# Best Fish and Chips in NYC



## Acacian (Jul 10, 2007)

Not too long ago, I had an excellent fish and chips experience in the city, and felt compelled to share it.

The place is called A Salt and Battery, and they're on the northern edge of Greenwich Village at 112 Greenwich Ave., basically just south of the 14th Street A,C,E subway stop.

Just amazing. Best fish and chips I've had anywhere. They have the crispest batter protecting the best moist but flaky fish, and the chips are great too. Excellent sized portions as well.

The place is small with no actual tables, but a counter around the side of a room, with a few barstools for seating. Most people probably take out, but you could fit about 7-8 people in there if you had to.

One great thing is that you can choose cod, haddock, sole, or whiting for the fish. They also have a bunch of other traditional English food that I didn't try, like beef & onion pie, chicken and mushroom pie, etc. And of course they offer Bass, Boddingtons, etc. on the side.

Most of the customers in there were from England, as are all the staff - a good sign to be sure. By the time I was done eating, I had gotten so used to all the English accents from the staff and customers that I was surprised to hear someone come in and order with an American accent.

I should *not* be writing this now, as they're closed and I'm going to go to bed thinking about them...

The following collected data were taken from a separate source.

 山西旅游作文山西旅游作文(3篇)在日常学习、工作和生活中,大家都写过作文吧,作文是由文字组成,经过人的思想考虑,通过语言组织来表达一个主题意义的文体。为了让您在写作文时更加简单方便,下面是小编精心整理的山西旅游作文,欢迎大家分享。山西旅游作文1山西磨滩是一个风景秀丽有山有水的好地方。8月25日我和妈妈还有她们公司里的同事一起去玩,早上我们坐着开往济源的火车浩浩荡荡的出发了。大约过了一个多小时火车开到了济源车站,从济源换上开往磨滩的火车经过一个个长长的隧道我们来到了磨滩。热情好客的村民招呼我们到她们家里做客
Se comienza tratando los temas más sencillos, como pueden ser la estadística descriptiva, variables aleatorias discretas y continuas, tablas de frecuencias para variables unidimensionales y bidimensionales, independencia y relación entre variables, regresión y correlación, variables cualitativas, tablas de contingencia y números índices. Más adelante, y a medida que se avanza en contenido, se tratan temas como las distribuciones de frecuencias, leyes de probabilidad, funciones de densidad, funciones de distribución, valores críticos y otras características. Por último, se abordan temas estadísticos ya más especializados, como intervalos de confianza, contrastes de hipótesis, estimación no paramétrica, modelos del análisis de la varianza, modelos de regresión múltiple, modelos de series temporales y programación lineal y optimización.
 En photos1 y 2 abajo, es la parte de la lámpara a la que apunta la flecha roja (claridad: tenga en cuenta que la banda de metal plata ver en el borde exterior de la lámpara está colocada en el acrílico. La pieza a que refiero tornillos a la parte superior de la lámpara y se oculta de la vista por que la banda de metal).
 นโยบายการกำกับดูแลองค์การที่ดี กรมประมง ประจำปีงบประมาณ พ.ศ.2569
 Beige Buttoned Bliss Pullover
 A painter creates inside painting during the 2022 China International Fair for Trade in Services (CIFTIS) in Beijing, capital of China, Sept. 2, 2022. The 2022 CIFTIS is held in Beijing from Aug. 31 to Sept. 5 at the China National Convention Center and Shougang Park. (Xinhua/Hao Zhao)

In any case, if any fish and chips fans are ever in the city, definitely check this place out:
https://www.asaltandbattery.com/
[keeling over from fish and chips cravings]


----------



## rip (Jul 13, 2005)

The King Cole Bar at the St. Regis has (or had; they've recently changed their bar menu and I don't know if they kept the F&C). They have HUGE steak fries with the fish, which is properly batter-cooked pieces of some white-fish, probably cod. 4 pieces of fish, four pieces of fried potato; awesomely expensive, as befits this bar; IIRC, between $24 and $30.


----------



## Acacian (Jul 10, 2007)

You know, I've been looking for a rationale to stop in the King Cole Bar, and that sounds like an excellent one. As soon as the holiday shopping mobs retreat...


----------



## samblau (Apr 2, 2005)

The Atlantic Avenue Chip Shop in Brooklyn (there are two locations, I have only been to Atlantic Ave.) is excellent...great beer, decent prices, fried candy bars (I admit I have never had one...but would like to).


----------



## TweedyDon (Aug 31, 2007)

I found A Salt and Battery excellent the first time I went, but just so-so the second and third. I've had one fish and chips meal at Connolly's, which was *superb*. Although it lacked the British-in-New-York feel of ASAB--which ASAB has in spades!--it still had a really pleasant laid-back atmosphere. I recommend it (hoping that it'll be more consistent than ASAB!)

https://www.connollyspubandrestaurant.com/

PS: I'm British, and so know my fish and chips! :icon_smile_big:


----------



## longwing (Mar 28, 2005)

TweedyDon said:


> I've had one fish and chips meal at Connolly's, which was *superb*.


Thank you for this. I just had one myself. Excellent. And the crowd seemed to enjoy watching the Giants beat the Cowboys. I went to the one by J. Press, of course.

Yours in the Trad,

LW


----------



## Karl89 (Feb 20, 2005)

Gents,

Connolly's is also home to Black 47, who are well worth a listen.

Karl


----------



## Franko (Nov 11, 2007)

*The Times, top ten fish n chip shops in the UK*

Slightly in topic, in that if you scroll through the comments at the base of the page there is an assertion by a respondent that ASAB is better than many chippies in the UK.
https://www.timesonline.co.uk/tol/life_and_style/food_and_drink/article3204370.ece

Also maybe of interest to anyone visiting Britain but no showing for any Central London venues, however *WE* know where they can be found and they are being discussed over in The British Influence at the moment.
F.


----------



## TweedyDon (Aug 31, 2007)

In my opinion, ASAB is decent (and great for America, where until recently I found it impossibleto get antything resembling fish 'n' chips!) but it's nowhere near as good as any of the chippies I knew in Britian.


----------



## burton (Nov 11, 2007)

I have to say, I've had mixed experiences at A Salt and Battery. The first time I went there, I was exuberant. But I've since eaten a few pieces of cod there that had the consistency of battered and fried rubber bands. 

I think the only way to achieve that effect is by freezing, defrosting, and refreezing the fish. 

But, I will highly recommend their deep-fried Mars bars, which have been consistently excellent for as long as I've been eating there.


----------